Microsoft has enhanced Defender for Identity with the introduction of the new v3.x sensor, designed to simplify onboarding and streamline configuration. This update makes deployment faster and more efficient.
Previously, migrating from v2.x to v3.x was a complex process that often required downtime and significant manual effort. With the latest improvements, Microsoft now offers an automated migration experience that reduces operational overhead and minimizes disruption.
What is new?
You can migrate your Defender for Identity sensors from v2.x to v3.x directly through the Microsoft Defender portal. The migration process automatically handles the switchover while preserving your server configurations and security monitoring, with no downtime or data duplication.
Before performing the migration, the server must have the following prerequisites:
- A domain controller, without additional identity roles running
- Running a Defender for Identity sensor v2.x.
- Running Windows Server 2019 or later.
- Includes the March 2026 or later cumulative update.
- Have Microsoft Defender for Endpoint deployed.
Without the cumulative update from March 2026 or later, it will not work, and the migration will end with errors. For the full list of v3.x requirements, see Defender for Identity sensor v3.x prerequisites.
3.x agent?
A few months ago, Microsoft announced the long-awaited unified identity and endpoint sensor, one of the most frequently requested features by customers. A common question over the years has been why Defender for Endpoint and Defender for Identity require two separate agents. Microsoft has been working to address this by moving toward a single, unified sensor for Defender.
Like many security solutions, Microsoft Defender relies on sensors to provide visibility into endpoints and on-premises identity infrastructure across your environment.
Differences?
When Microsoft refers to version 2.x, it is referring to the Defender for Identity sensor, which must be installed as a separate agent and configured on the system.

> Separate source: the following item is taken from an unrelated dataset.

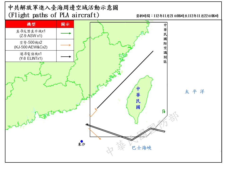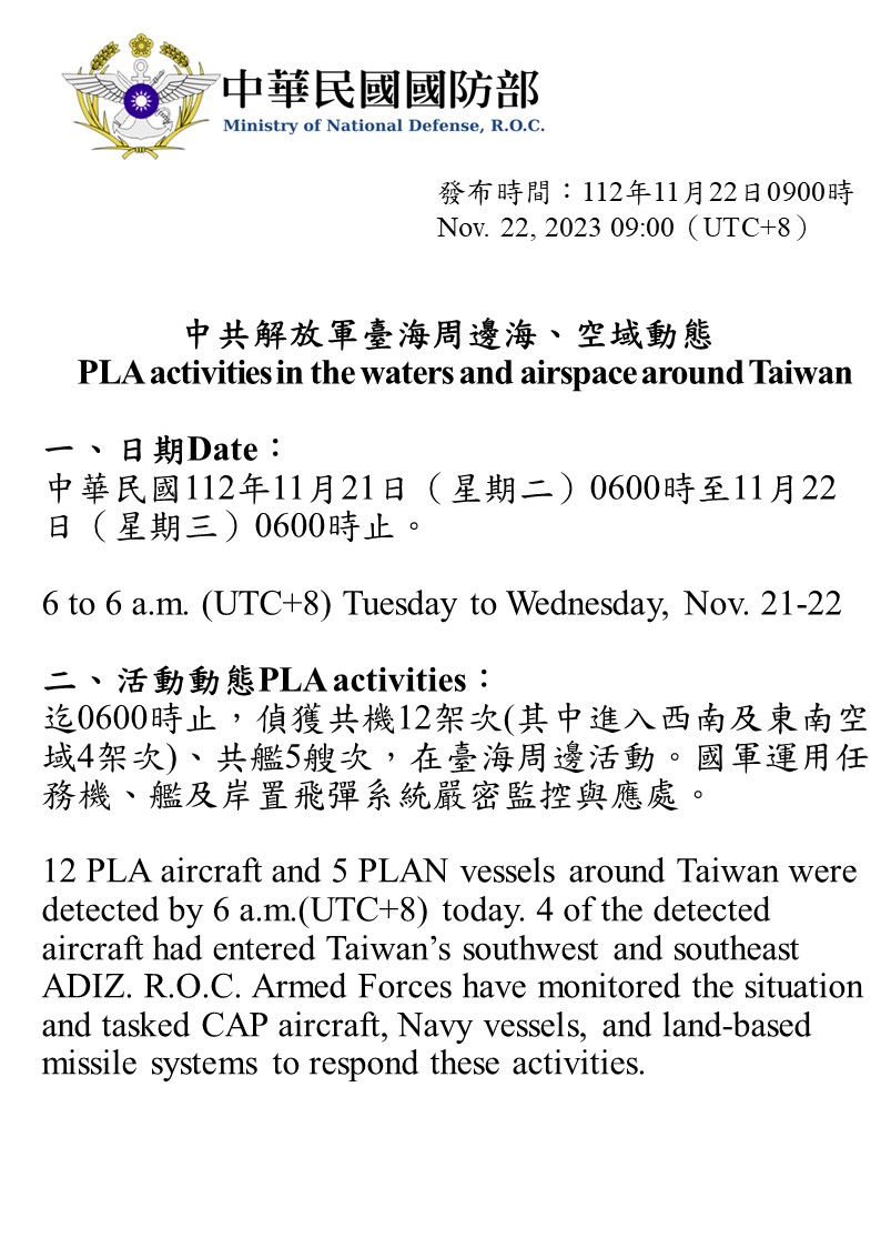 迄0600時止,偵獲共機12架次(其中進入西南及東南空域4架次)、共艦5艘次,在臺海周邊活動。國軍運用任務機、艦及岸置飛彈系統嚴密監控與應處。

Version 3.x is the latest release and leverages the Defender for Endpoint (EDR) sensor instead. Defender for Identity v3.x introduces significant improvements and collects events in different ways, eliminating the dependency on name resolution.
V2.x agent:
How to start the migration?
The migration from sensor v2.x to v3.x can be initiated directly from the Microsoft Defender portal. The process automatically completes the switchover while preserving your server configurations and security monitoring, with no downtime or data duplication.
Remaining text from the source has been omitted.